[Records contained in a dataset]

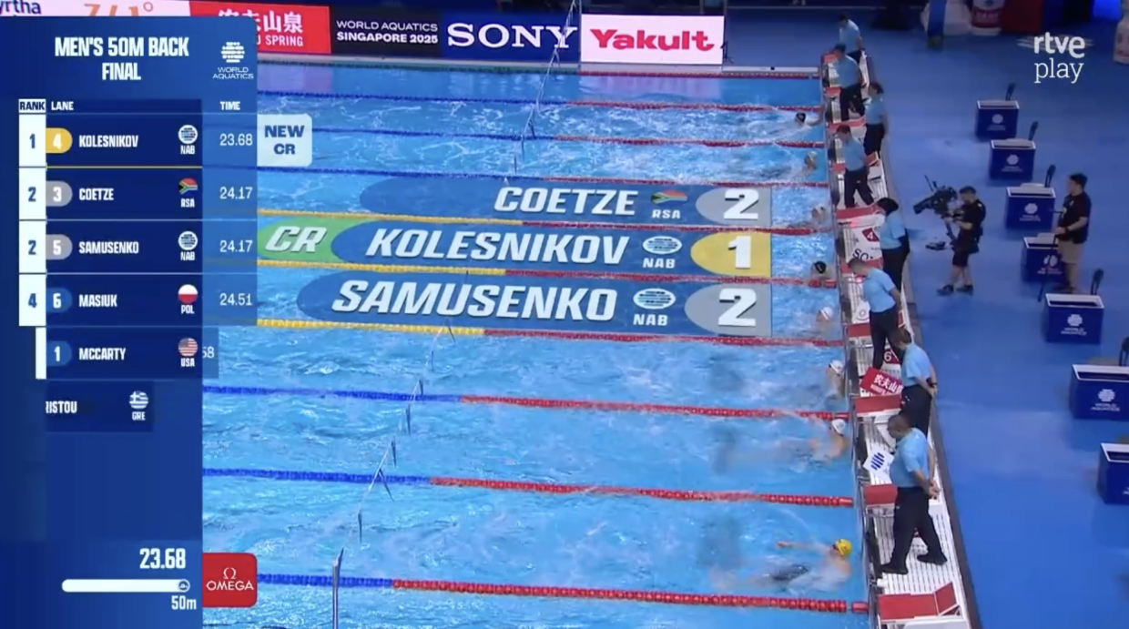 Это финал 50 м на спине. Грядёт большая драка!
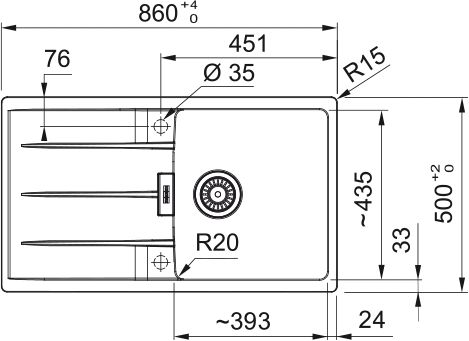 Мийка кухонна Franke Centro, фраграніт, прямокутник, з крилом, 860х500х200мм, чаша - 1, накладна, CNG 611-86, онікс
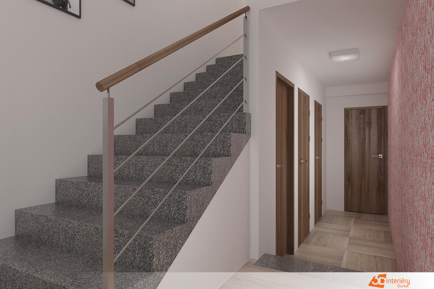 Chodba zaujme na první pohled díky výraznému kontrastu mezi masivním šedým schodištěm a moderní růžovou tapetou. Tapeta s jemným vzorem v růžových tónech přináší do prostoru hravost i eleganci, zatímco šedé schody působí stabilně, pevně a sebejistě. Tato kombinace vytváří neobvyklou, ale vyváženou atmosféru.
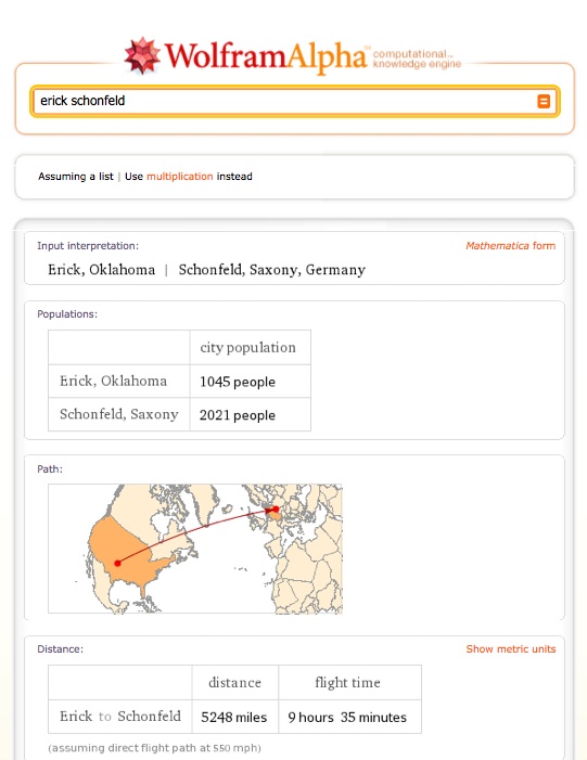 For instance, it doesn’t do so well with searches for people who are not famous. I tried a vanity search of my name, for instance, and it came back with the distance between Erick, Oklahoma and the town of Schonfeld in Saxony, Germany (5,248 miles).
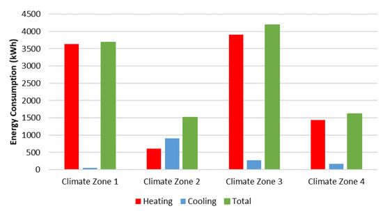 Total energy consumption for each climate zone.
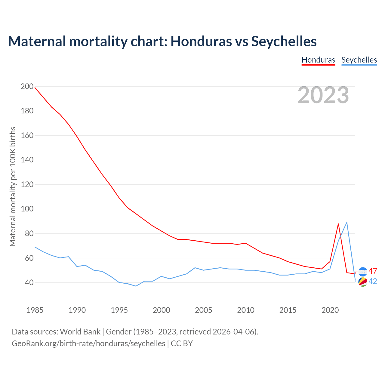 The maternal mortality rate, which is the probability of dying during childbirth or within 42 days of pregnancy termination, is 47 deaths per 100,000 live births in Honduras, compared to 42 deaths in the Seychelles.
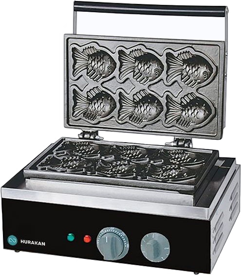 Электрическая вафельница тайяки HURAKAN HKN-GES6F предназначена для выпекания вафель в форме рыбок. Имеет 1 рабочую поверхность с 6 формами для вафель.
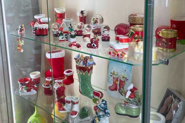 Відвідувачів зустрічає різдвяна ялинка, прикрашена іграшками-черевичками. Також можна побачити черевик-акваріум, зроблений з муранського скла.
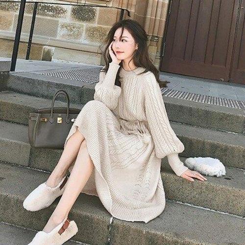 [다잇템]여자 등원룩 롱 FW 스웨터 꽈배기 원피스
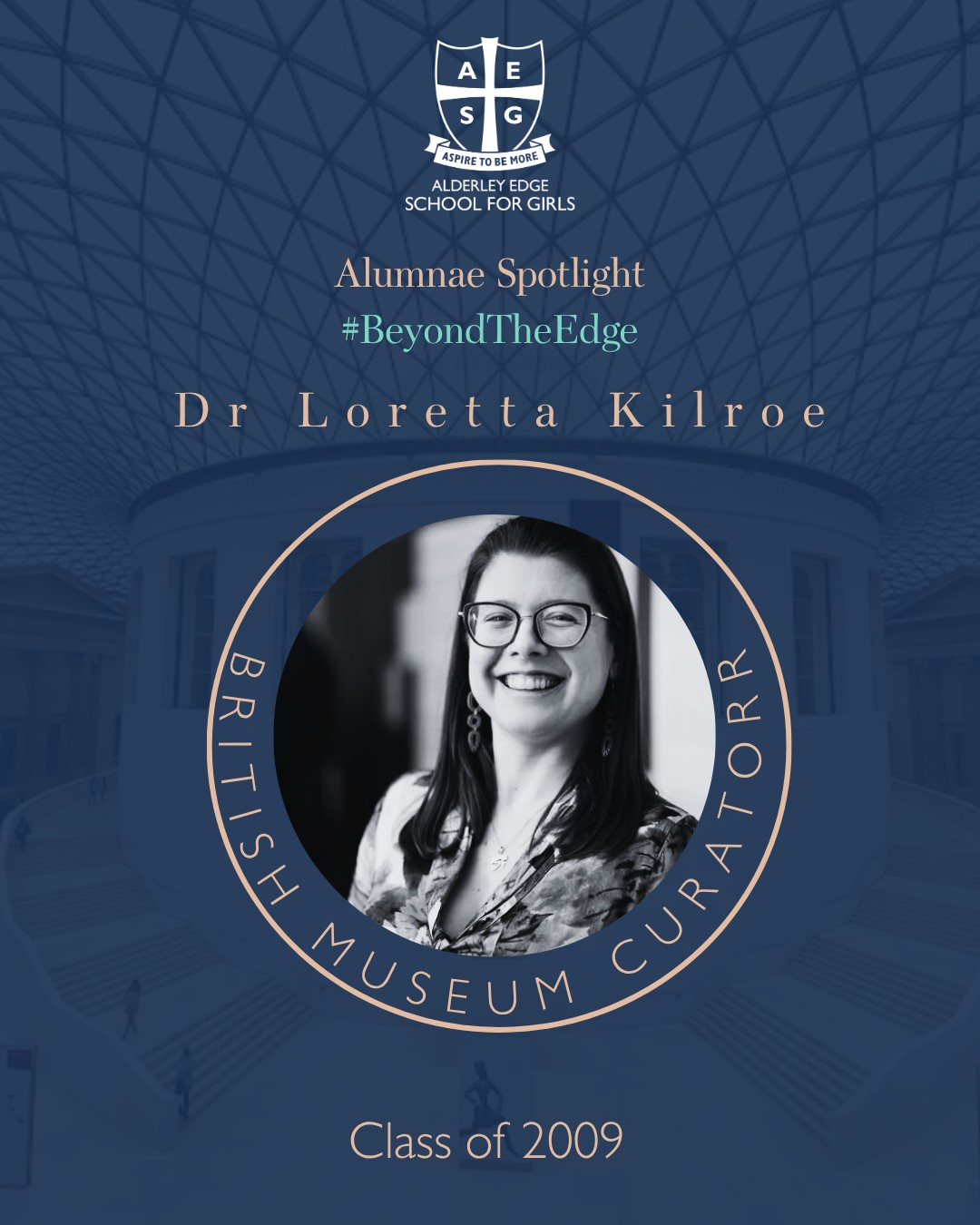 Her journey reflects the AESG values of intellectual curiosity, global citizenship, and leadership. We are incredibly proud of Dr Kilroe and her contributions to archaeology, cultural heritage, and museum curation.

§ WORK REQUEST: Write out exactly the run of lines above that starts at the line containing "For instance, it" and ends at the line containing "Total energy consumption". Include both, and leave the pictures out.

§ ANSWER SPACE:
 For instance, it doesn’t do so well with searches for people who are not famous. I tried a vanity search of my name, for instance, and it came back with the distance between Erick, Oklahoma and the town of Schonfeld in Saxony, Germany (5,248 miles).
 Total energy consumption for each climate zone.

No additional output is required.